Well, the truth is the first iteration of this book started as a school project. I went back to school to get an MFA in creative writing in 2014. My first YA novel, Fake ID, had just been published, I’d mostly finished a second novel (Endangered), and I’d just been laid off from my day job. I wanted to pursue the degree to sharpen my writing skills since writing had become my primary source of income. But coming into a writing program as one of the students (if not the only student) with published work made me incredibly self-conscious. I felt a need to do something different than the work that was already in bookstores, so I angled toward contemporary. And yes, it was a challenge.

To be frank, when writing the mysteries/thrillers, if I ever felt like things were starting to slog, murder was always an option. Not so much—or at all—in a story like Not So Pure and Simple. That was distressing. Did I enjoy it? Not all the time—because I was still writing other books so I could pay bills and trying to complete school assignments that had nothing to do with the novel and still writing the piece of the novel that would fulfill my thesis requirement and trying to complete a separate version that would meet the requirements of my publisher (because what works for school isn’t necessarily going to work for the finished product). So did I learn anything from my mystery work that pertained to this project? Perhaps how villains are created, because I was not that pleasant to be around when all of that was going on. Now that I’m on the other side of it, I am happy with the result. 

Del, the main character of Not So Pure and Simple, takes a Purity Pledge—a promise to remain sexually abstinent until marriage—in an effort to get closer to his crush, Kiera. What inspiration or discovery prompted you to explore this cultural practice in your book?
There are probably six different things that inspired this exploration, but I’m going to go with the primary story and try to keep it short. Me and my wife attended a church service about 10 years ago where three boys sat behind us prior to the service starting. They were very plain-spoken about recent sexual exploits, and we couldn’t help but overhear. When the service started, someone in church leadership requested all the teens participating in the purity pledge gather in the foyer and go to wherever those lessons were taking place. All three boys got up to join the class. It’s something I never forgot; I’ve since spent a lot of time thinking about the spaces boys/men enter—or invade—and their justifications for such actions. Del Rainey was largely born from those thoughts. 


ALSO IN BOOKPAGE: Read our starred review of Not So Pure and Simple.


The relationship between First Missionary Church’s and Greek Creek High School’s perspectives on teen sexuality is complicated, to say the least. What kind of research did you to in order to represent these perspectives accurately and authentically? Did you learn anything in the course of that search that surprised you or challenged an assumption you had held?
This was a combination of research and memory. I was raised in Virginia by regular churchgoers and also had some form of sex ed in my high school. While the exact memories have gotten fuzzy over time, I clearly recall an awkwardness to all of it that I tried to bring across in the book. For the research part, there have been numerous articles about how much sex ed practices can vary, not only state to state but district to district within the same state. One thing that surprised me was a document I found on the Virginia Department of Education’s website detailing how a “family life” (sex ed) curriculum might be developed and approved. I’m providing a copy of the document with highlights so you know I’m not making this up, but it suggested that a clergyperson be appointed to the board that develops the curriculum, and there can be instances where classes are separated by gender to teach “sensitive” topics (all on page 8 of the document). What that means and looks like in actual practice, I don’t know, but it certainly got me thinking. Those thoughts account for the ways Del’s experiences are structured, which is to say, very awkwardly. 
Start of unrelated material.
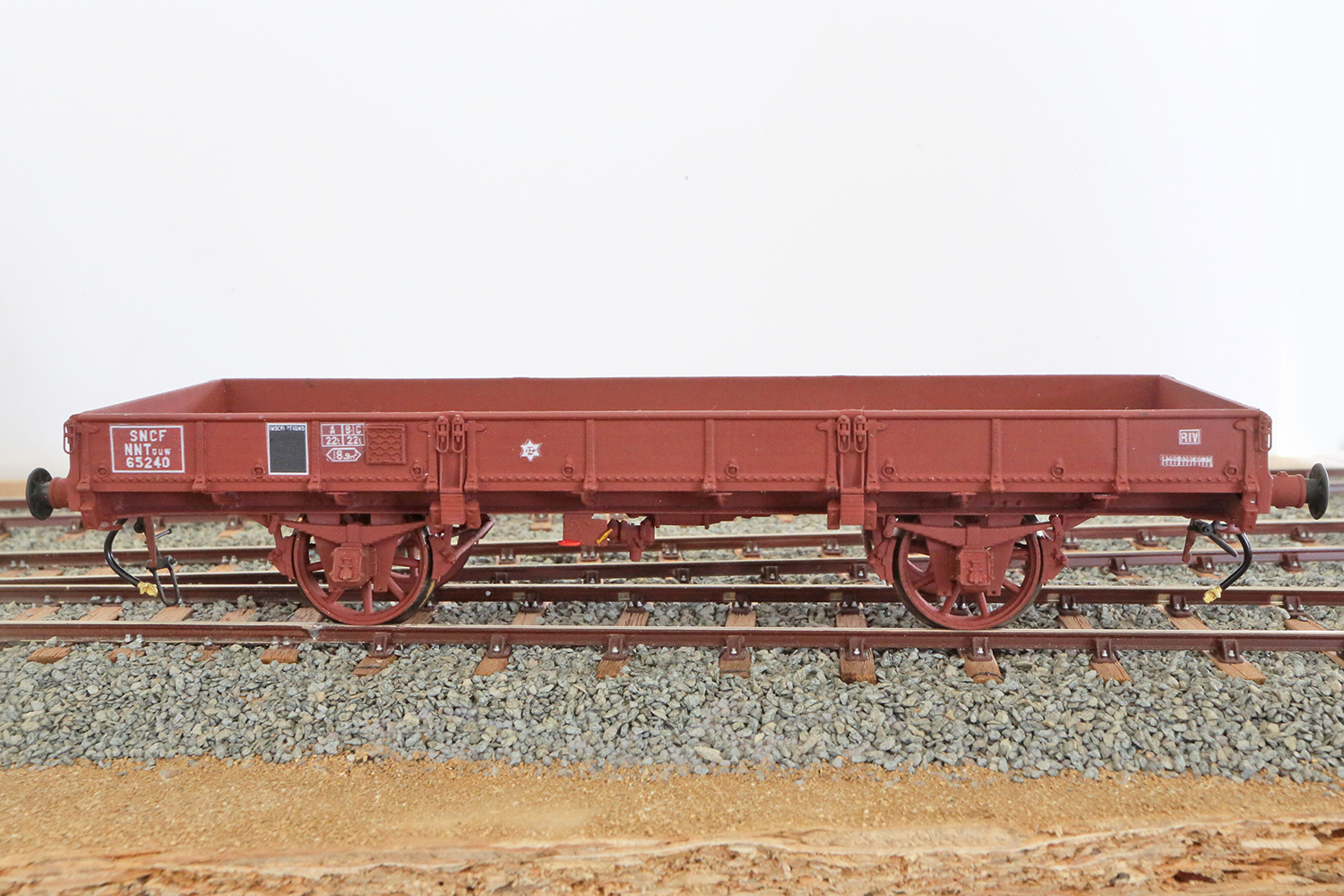 Vu la date que tu as choisi de reproduire tes modèles : après 1958 puisque ton wagon est brun UIC, il ne peut pas être "NNTouw 65240" car cette immatriculation date d'avant 1950...

I loved the character of Del’s English teacher and Healthy Living instructor, whom Del and the other students call MJ. Can you talk about the role he plays in their lives and in the story? Was his character inspired by a teacher from your own life?
It was important to me that there be a positive, progressive black male in the mix to offer a gentle guiding hand. There are a couple of reasons for my desire here, and I’ll get into those. But to answer the question about if the character was inspired by a teacher from my own life . . . not exactly. There were at least two great black male teachers in my high school whom I knew and spoke to in passing, but I was never in their classes. They also doubled as sports coaches, and since several of my friends were athletes (I wasn’t), I’d often hear them talk about how cool those teachers/coaches were and what good advice they gave. Because I never had that much direct contact with those two seemingly great role models, I created a fantasy of what someone like that might be like if they taught a subject I gravitated toward, like English. Thus MJ. 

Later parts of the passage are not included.